╭─ GIVEN RECORDS
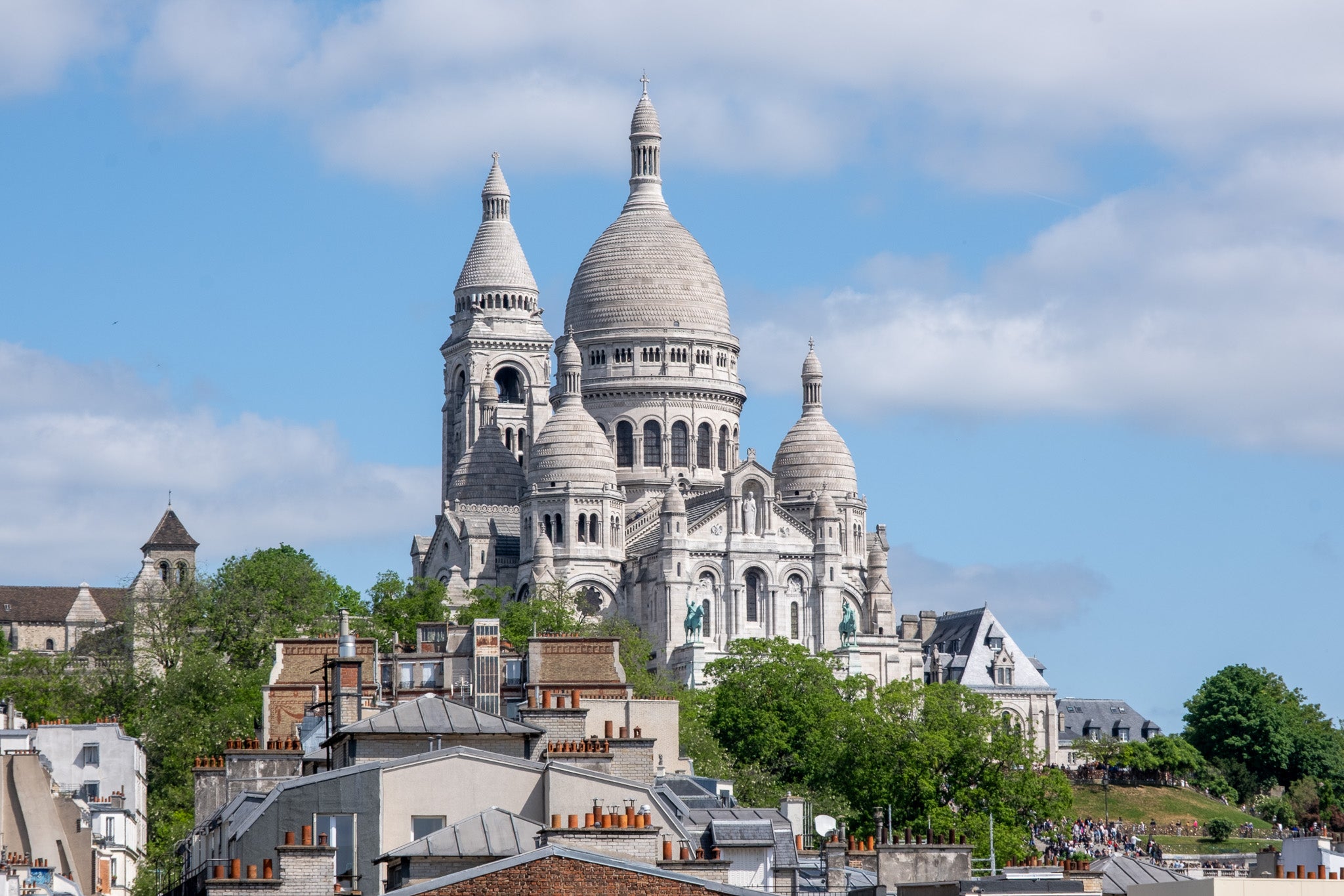 From the center of Paris, looking over the rooftops all the way to Montmartre and Sacre Coeur on a summer morning.
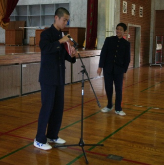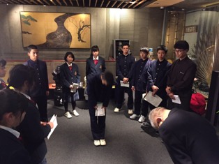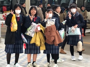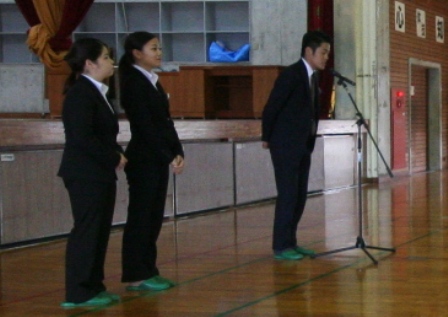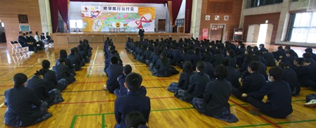 | 1月21日(月) | ・学校 荷物検査・壮行会 | ・体育館で荷物検査を行いました。そのあと、壮行会があり、伊波校長先生の団長あいさつ、西原睦貴さんの生徒代表あいさつ、日本旅行社の宮里竜輔さんの添乗員紹介、二宮教頭先生の激励のあいさつ、2学年PTA委員長の大城愛美さんのあいさつがあり、みんなで、目的達成と安全を誓いました。 また、3年生の安田秀吉さんから、奉納してと3年生の高校合格祈願の絵馬が渡されました。 |
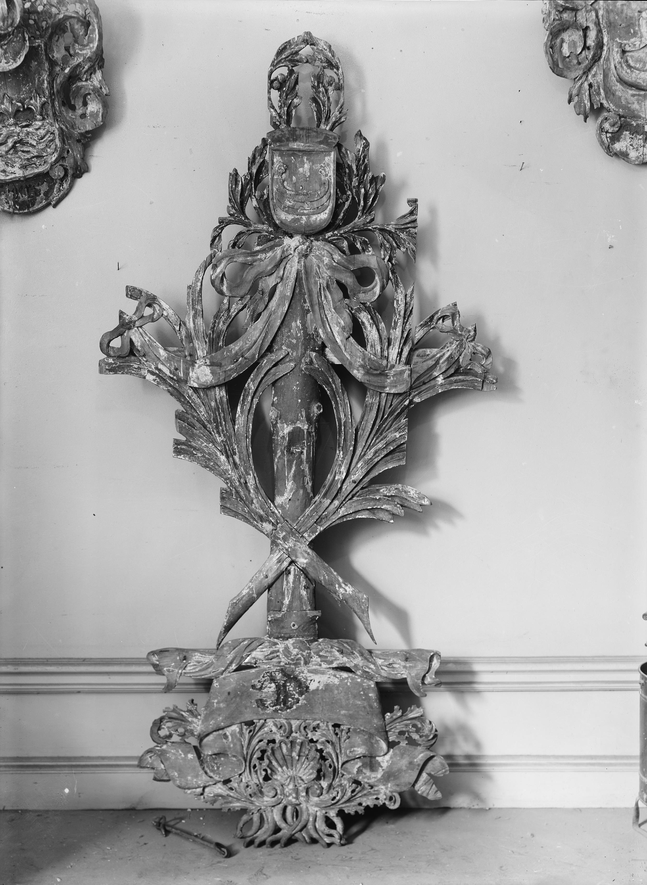 • Vapensköld med Bååts vapen, Henric Henricsson Horns andra hustru Kjerstin Bååt. Snabbinv. Före restaurering.
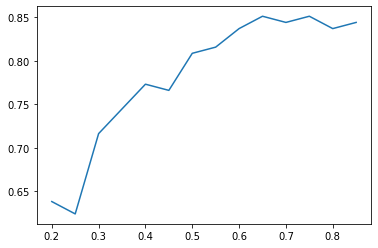 기준이 낮을 때는 정확도가 매우 낮다가 점점 올라가는 것을 확인할 수 있습니다. 이후 0.85 근처에서 더 이상 증가하지 않습니다.
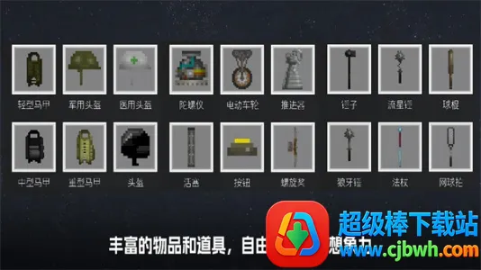 1. 丰富道具随心用:游戏提供多达十种不同道具,武器载具或其他特效等,玩家能随心所欲使用和创造。
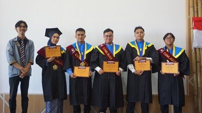 Selanjutnya, dilakukan acara simbolis potong tumpeng kepada perwakilan wisudawan oleh Kepala Departemenm, serta pemberian sertifikat kepada wisudawan dengan predikat Cumlaude.
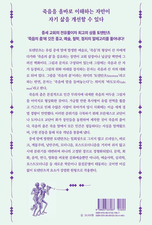 “중세 말의 토텐탄츠(죽음의 춤)를 처음 접하게 되면 섬뜩하다. 그리고 신비롭다. 그런데 바라보기만을 멈추고 토텐탄츠 속으로 들어가면 죽은 자가 산 자이고, 산 자가 죽은 자인 세상에 서게 된다. 이곳은 삶과 죽음의 경계로 인간들의 의식과 무의식 속에 항상 맴돌던 죽음이 현실화된 공간이다.”
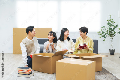 荷造り・荷解きする家族
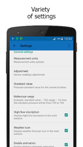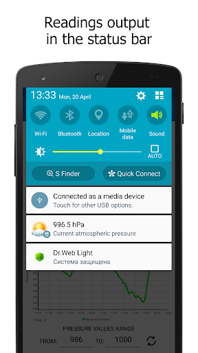 Il principale Funzione dell'applicazione è la visualizzazione della pressione dell'aria nella barra di stato del dispositivo.
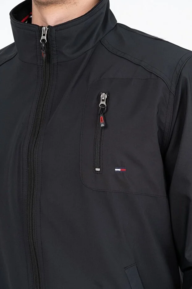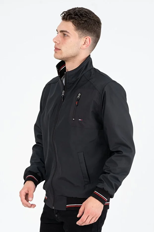 0 Review Of Product معطف رجالي موسمي مقاوم للماء والرياح مبطن بقميص أسود من Marginal City
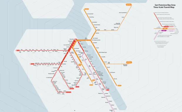 邓恩的 最新作品,今天通过 Kickstarter 开始预售,基于一个有用但 deceptively 难以呈现的指标绘制了湾区的公共交通系统:到市中心所需的时间。
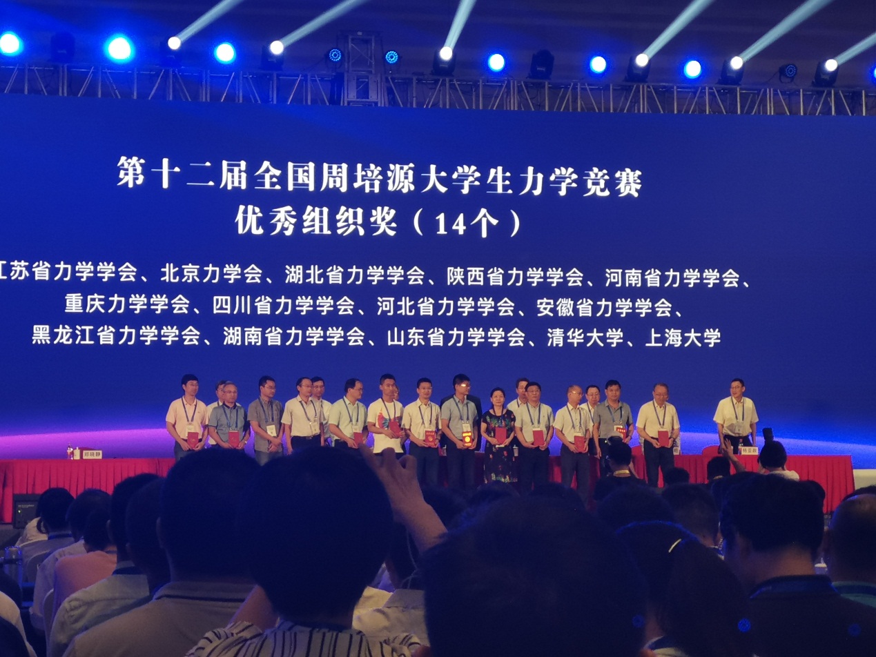 大会首先进行了全国周培源大学生力学竞赛颁奖仪式,四川省力学学会荣获优秀组织奖,四川省力学学会秘书长蒋晗教授代表四川省力学学会上台领奖。
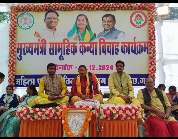 - कोरबा मृगशीर्ष शुक्ल द्वादशी को सीएसईबी खेल मैदान पर आयोजित 102 वर_कन्याओं की जोड़ियों की वैदिक रीति से विवाह पंडित योगेश्वर प्रसाद तिवारी एवम 5 द्विज पंडितो के साथ संपूर्ण विवाह संपन्न कराया गया है, जिसमें माननीय छत्तीसगढ़ सरकार के यशश्वी मुख्यमंत्री श्री “विष्णु देव साय सपत्नीक, उप मुख्यमंत्री अरूण साव जी, उद्योग मंत्री लखन लाल देवांगन , विधायक प्रेम पटेल, जोगेश लाम्बा,अशोक चावलानी, जिलाध्यक्ष डॉक्टर राजीव सिंह, हितानंद अग्रवाल सहित उपस्थित हुए,सभी दूल्हे दुल्हन के जोड़ियों को रुपए 50,000/_का चेक दिया गया है, साथ ही सभी जोड़ियों को विवाह सामग्री, साड़ी,कुर्ता पैजामा के साथ विवाह में आए हुए सभी परिवारों को सीनियर क्लब में प्रशासन की तरफ से भोजन की व्यवस्था की गई।
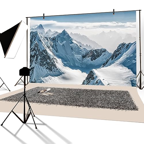 YongFoto 2,2x1,5m Vinile Fondali Fotografici Paesaggio invernale Montagne innevate Alpi Natale Sfondi Foto Partito Studio Fotografico Puntelli
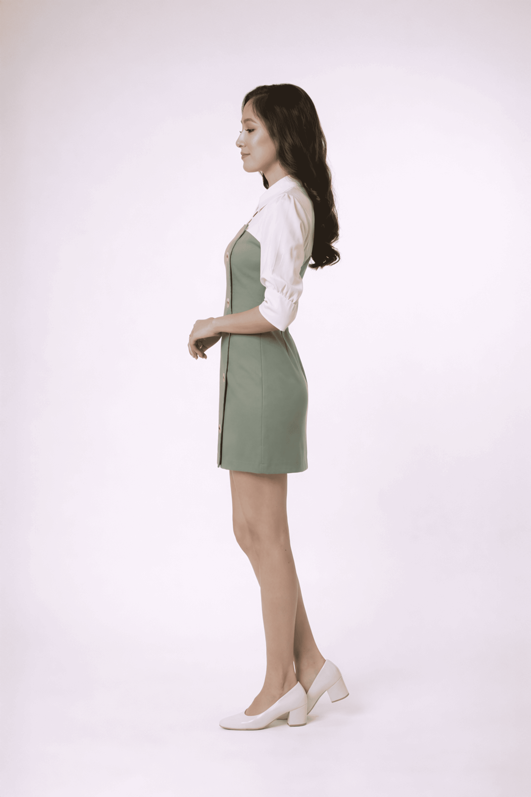 A multi-way silhouette crafted for versatility, this poplin mini dress transitions effortlessly between polished and casual moods. Designed with an inner elbow-sleeve shirt and a structured detachable wrap layer, the piece allows you to style it as a complete dress or wear the shirt separately with trousers for a relaxed, everyday look.
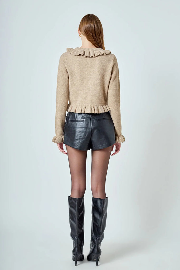 Ruffled v neck cardigan tan by Endless Rose
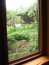 窓の向こうからやってきた我が家を眺めているお店の人が
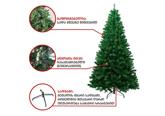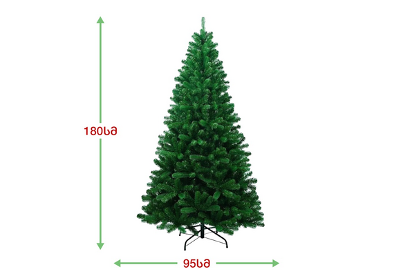 სადა მწვანე ნაძვის ხე გამძლე დრეკადი მეტალის ტოტებით და ჯანმრთელობისთვის უსაფრთხო მასალისგან დამზადებული წიწვებით. მეტალის მყარი სადგამით და მთავარი ღერძით.
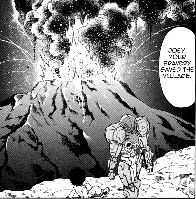 Самус и Джоуи издалека смотрят на взрыв.
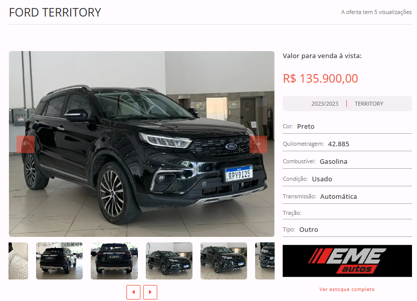 Entre as opções disponíveis em nosso site, está um FORD TERRITORY, cor preta, ano 2023/2023, na loja EME Autos Seminovos. Todas as informações de contato estão disponíveis na nossa plataforma.
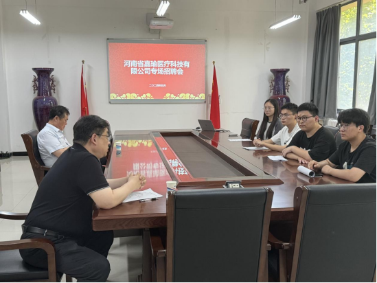 5月28日下午,河南省嘉瑜医疗科技有限公司赴pg游戏电子官网召开专场招聘会,河南省嘉瑜医疗科技有限公司经理刘成福现场与pg游戏电子官网前来应聘的学生进行了深入交流。
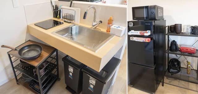 IHクッキングヒーターやフライパン、カトラリーをそろえ、炊飯器もある充実した設備。大型の冷蔵庫には持ち込んだ食材をたっぷり入れられます。黒モノでそろえた家電がスタイリッシュです。
╰─
# WHAT IS BEING ASKED
Among the entries above, find the line with "Snabbinv. Före restaurering." and repeat exactly from there through the line with "1. 丰富道具随心用:游戏提", leaving out the pictures.

# SOLUTION TO THE EXERCISE
 • Vapensköld med Bååts vapen, Henric Henricsson Horns andra hustru Kjerstin Bååt. Snabbinv. Före restaurering.
 기준이 낮을 때는 정확도가 매우 낮다가 점점 올라가는 것을 확인할 수 있습니다. 이후 0.85 근처에서 더 이상 증가하지 않습니다.
 1. 丰富道具随心用:游戏提供多达十种不同道具,武器载具或其他特效等,玩家能随心所欲使用和创造。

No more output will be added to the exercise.